I roughly understood from “mf-2d-SLEPc.edp” how to use ChangeNumbering. I understand that I should replace lvectors = lvec by larray = lvec where lvec is now real[int,int] of size (Vh.ndof, 10) (as in Composite eigenvectors with SLEPc)

I tried real[int][int] but it doest not seem to be correct.

What you need is real[int, int] (bidimensional array). real[int][int] is for arrays of arrays, but here, all columns (or rows for that matter) are of the same size.

But then using lvectors on C should work? It does not to be the case as you can have observed from the above attached file.

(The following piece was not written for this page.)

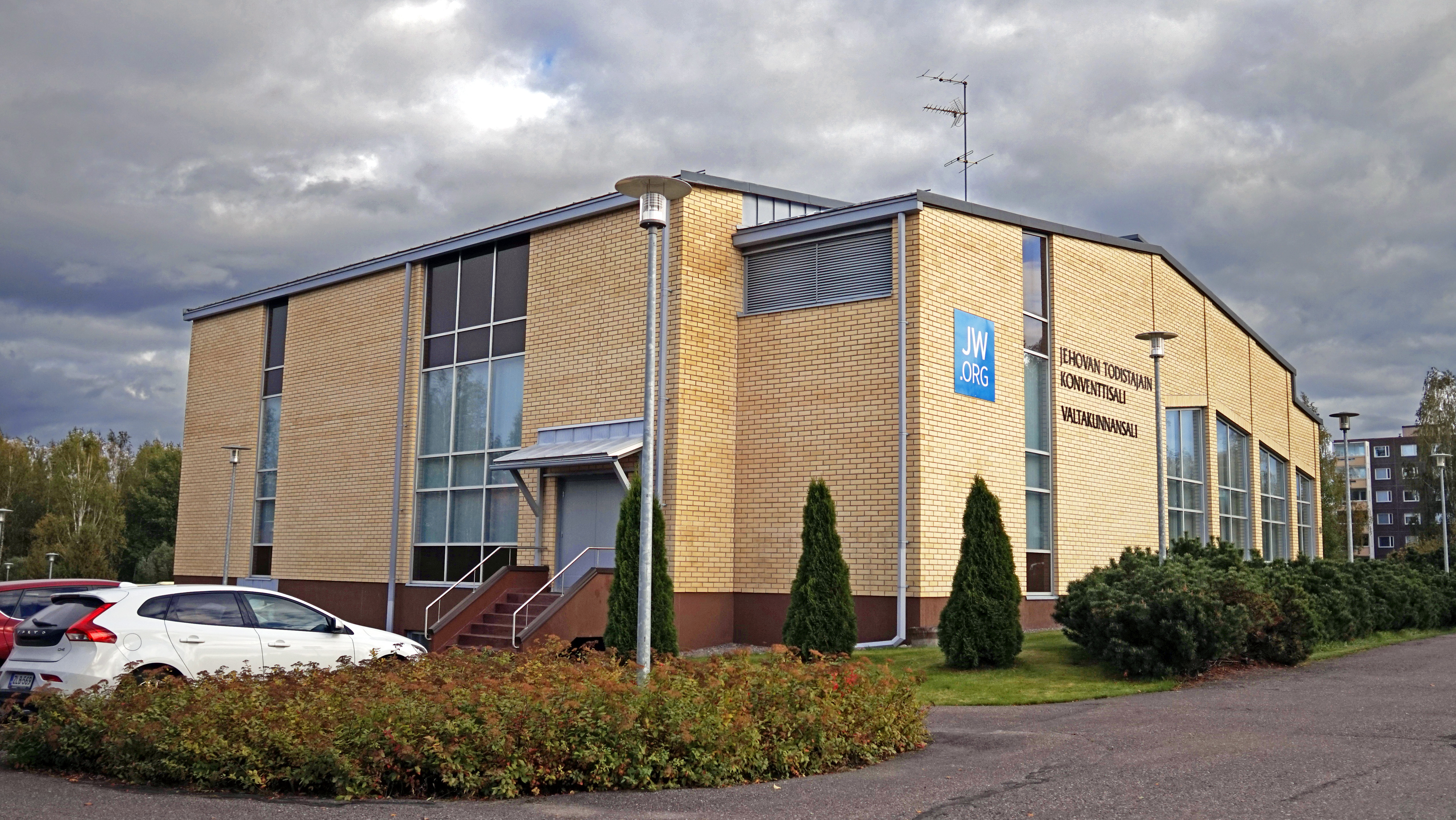 Jehovah's Witnesses' Assembly Hall in Varkaus, Finland.

I would like to extend the example “mf-2d-SLEPc.edp” to show how to use larray/rarray and then push it on the FreeFem Git as I think it adds some valuable explanation on how to use SVDSolve. I would like to add three asserts:

same left vectors with and without matrix-free resolution

same right vectors with and without matrix-free resolution

matrix x (left vector) = (singular value) x (right vector)

Please find enclosed what I did so far: mf-2d-SLEPc.edp (2.9 KB) . It is not functional yet: the comparison of left vectors fails. Moreover I struggle to change the numbering of the right vectors. If I understand correctly the matrix B should be used to change the numbering of the right vectors, but the re-numbering only works if I use the matrix A. Could you, please, help me to correct this?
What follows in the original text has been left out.